If the claim that popular culture has lately turned from good old-fashioned paganism toward satanism strikes you as alarmist, I suppose I could not blame you, although I’m not flailing my hands in the air and crying about the sky falling. “The greatest trick the devil ever pulled was convincing the world he didn’t exist,” says Verbal Kint in The Usual Suspects, though I think this might only be his second greatest trick. The real greatest trick was convincing the world he was some bizarre, manifestly malign monster who had no tricks, no disguises, and could be spotted coming a mile away. This trick simultaneously affirms our deep-seated conviction that evil is real, but also plays into our laziness; while evil is real, we don’t actually need to worry about it. We have not heeded W.H. Auden’s caution that evil will come “in a form/ That we do not expect.”

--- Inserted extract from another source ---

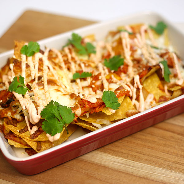 - Top with ½ cup shredded cabbage, ½ cup shredded Chihuahua cheese, and 4 oz of grilled and sliced chicken thighs.
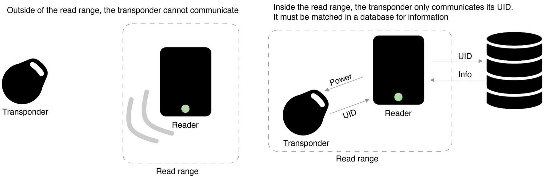 RFID and NFC use radio waves to transmit data from transponders (tags) to an external reader (Buyurgan et al., 2009). The two differ in the frequencies used to communicate. The transponders cannot store any, or much, data; some only contain a unique ID (UID) while others can store a few bytes. Therefore, a data processing system is also required to link the UID to additional information. For example, in an implanted pet microchip, the microchip links the UID of the tag to an ID in a database that contains the information; no information is stored on the microchip itself (illustrated in Figure 1). Insertable microchips in humans work the same way.

My claim is not that listening to “Roar” (and so forth) will lead to animal sacrifices and witchcraft, just that it might do to listeners what Satan did to Eve— namely, “Roar” might con listeners into exchanging happiness for self-advancement. “Roar” might rob listeners of the ability to distinguish between contentment and pleasure, authority and power. And just as was the case for Eve, such a fate is not the end of the world, but it is the end of joy.